## EXERCISE DETAILS
Leaving the images aside, transcribe all the data below exactly.

## RECORDED INFORMATION
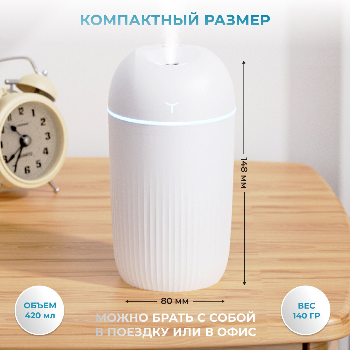 Увлажнитель воздуха c мягкой подсветкой ультразвуковой, 2 режима, компактный - для дома и офиса, 420 мл, белый интересное:
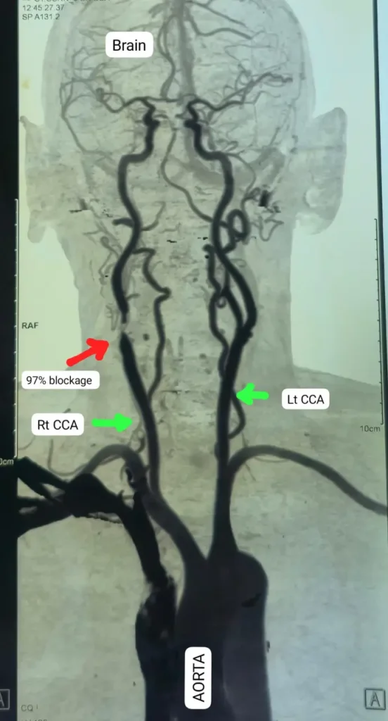 बालाघाट निवासी 70 वर्षीय मरीज को पिछले दो वर्षों से बार-बार लकवा, चक्कर, एक आंख से धुंधला दिखना और सुनाई न देने जैसी समस्याएं हो रही थीं। प्रारंभिक जांच के बाद कैरोटिड सीटी एंजियोग्राफी कराई गई, जिसमें पता चला कि मरीज की दाहिनी कैरोटिड आर्टरी में 95% से अधिक रुकावट थी। इससे मस्तिष्क को रक्त की आपूर्ति बाधित हो रही थी। सर्जरी थी बेहद जोखिमभरीडॉ. के.के. साहू ने परिजनों को स्पष्ट किया कि इस सर्जरी में जान का खतरा हो सकता है, क्योंकि ऑपरेशन के दौरान यदि कोई भी प्लाक का टुकड़ा या हवा का बुलबुला मस्तिष्क में चला जाता तो मरीज ब्रेन डेड हो सकता था। इसके बावजूद मरीज एवं परिजनों ने ऑपरेशन की सहमति दी।
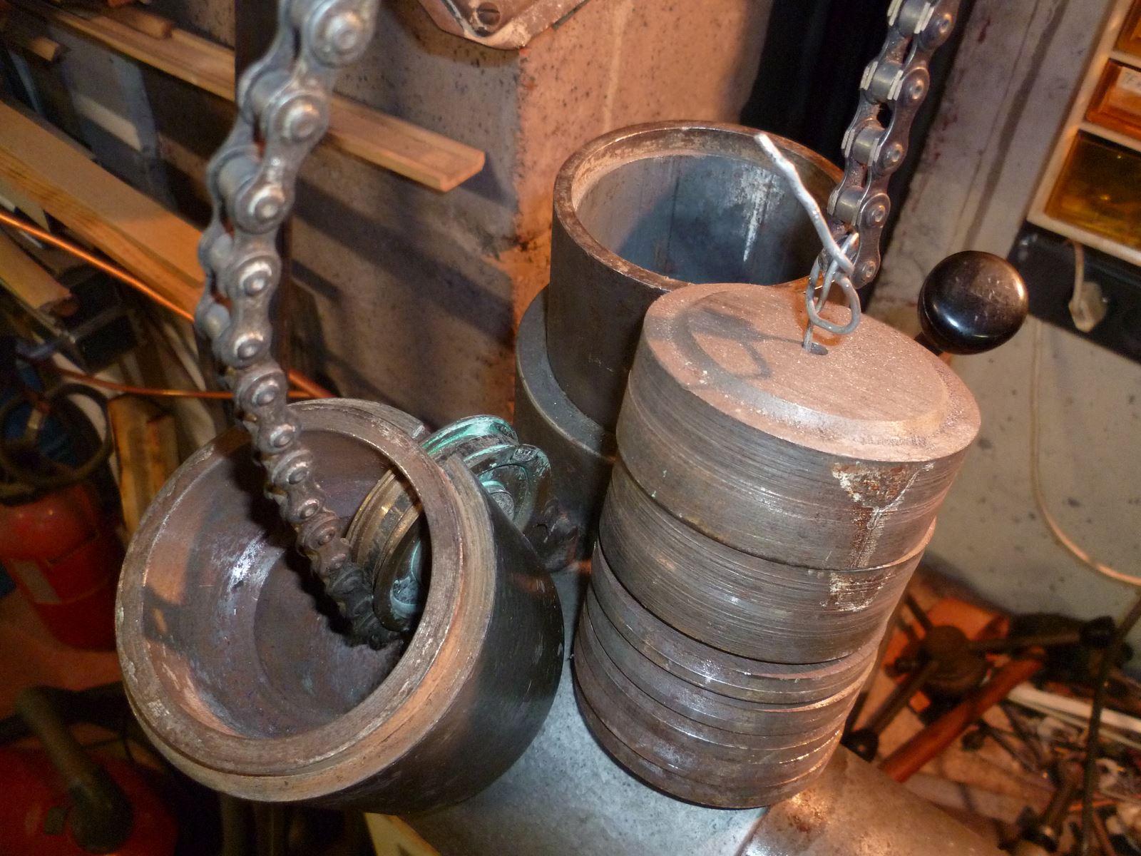 Elle est équipée d'un contre-poids logé dans la colonne, qui est une grosse blague puisque totalement insuffisant (environ 4kg vs 25kg) et ne fait en réalité qu'ajouter du poids supplémentaire à la perceuse, que j'estime d'ailleurs à environ 80Kg.

## WRITTEN ANSWER
 Увлажнитель воздуха c мягкой подсветкой ультразвуковой, 2 режима, компактный - для дома и офиса, 420 мл, белый интересное:
 बालाघाट निवासी 70 वर्षीय मरीज को पिछले दो वर्षों से बार-बार लकवा, चक्कर, एक आंख से धुंधला दिखना और सुनाई न देने जैसी समस्याएं हो रही थीं। प्रारंभिक जांच के बाद कैरोटिड सीटी एंजियोग्राफी कराई गई, जिसमें पता चला कि मरीज की दाहिनी कैरोटिड आर्टरी में 95% से अधिक रुकावट थी। इससे मस्तिष्क को रक्त की आपूर्ति बाधित हो रही थी। सर्जरी थी बेहद जोखिमभरीडॉ. के.के. साहू ने परिजनों को स्पष्ट किया कि इस सर्जरी में जान का खतरा हो सकता है, क्योंकि ऑपरेशन के दौरान यदि कोई भी प्लाक का टुकड़ा या हवा का बुलबुला मस्तिष्क में चला जाता तो मरीज ब्रेन डेड हो सकता था। इसके बावजूद मरीज एवं परिजनों ने ऑपरेशन की सहमति दी।
 Elle est équipée d'un contre-poids logé dans la colonne, qui est une grosse blague puisque totalement insuffisant (environ 4kg vs 25kg) et ne fait en réalité qu'ajouter du poids supplémentaire à la perceuse, que j'estime d'ailleurs à environ 80Kg.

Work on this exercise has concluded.